• **Records for processing**
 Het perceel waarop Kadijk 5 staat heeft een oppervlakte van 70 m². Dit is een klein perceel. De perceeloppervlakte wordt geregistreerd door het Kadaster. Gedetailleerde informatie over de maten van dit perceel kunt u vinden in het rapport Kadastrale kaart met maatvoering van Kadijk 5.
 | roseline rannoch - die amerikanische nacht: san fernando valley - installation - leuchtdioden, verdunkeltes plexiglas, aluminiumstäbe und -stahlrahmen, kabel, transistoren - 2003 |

---

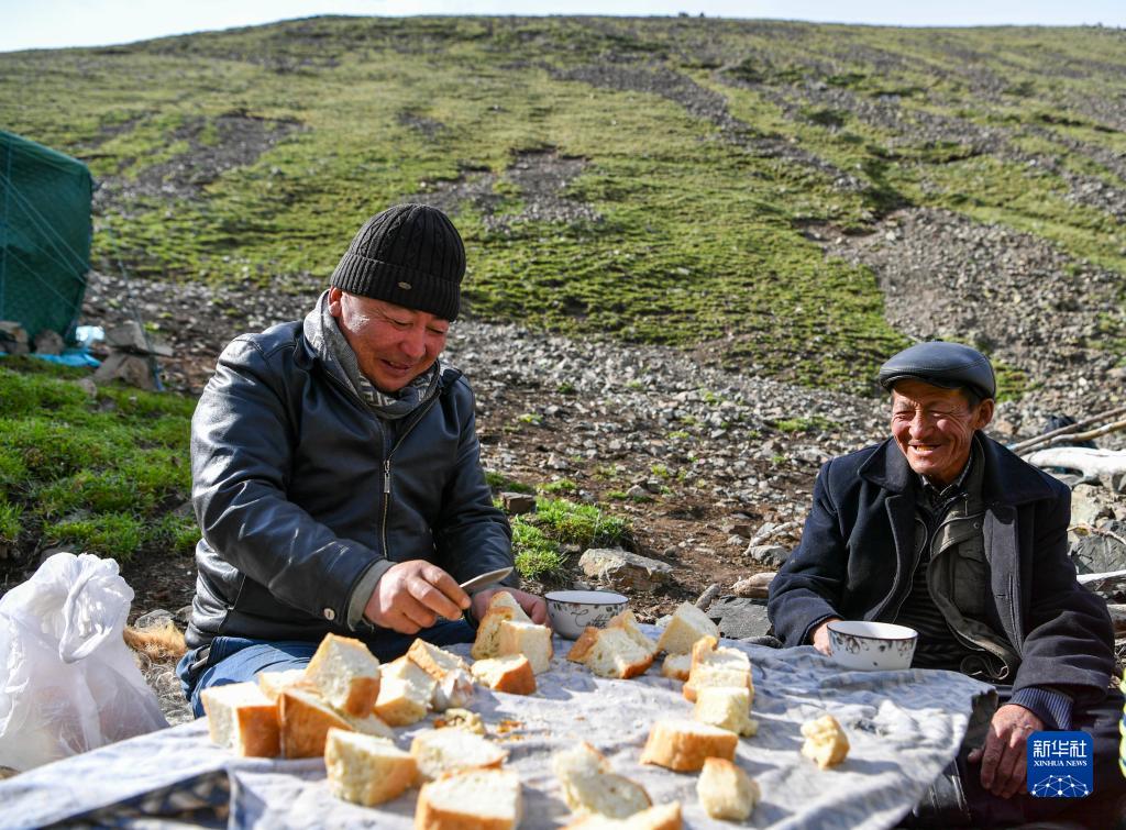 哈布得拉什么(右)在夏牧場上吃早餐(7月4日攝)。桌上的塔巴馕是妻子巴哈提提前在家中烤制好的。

• **Your assignment**
What you return should be exactly the lines above, starting at the one with "Het perceel waarop" and ending at the one with "transistoren - 2003 |", and nothing else.

• **Output below**
 Het perceel waarop Kadijk 5 staat heeft een oppervlakte van 70 m². Dit is een klein perceel. De perceeloppervlakte wordt geregistreerd door het Kadaster. Gedetailleerde informatie over de maten van dit perceel kunt u vinden in het rapport Kadastrale kaart met maatvoering van Kadijk 5.
 | roseline rannoch - die amerikanische nacht: san fernando valley - installation - leuchtdioden, verdunkeltes plexiglas, aluminiumstäbe und -stahlrahmen, kabel, transistoren - 2003 |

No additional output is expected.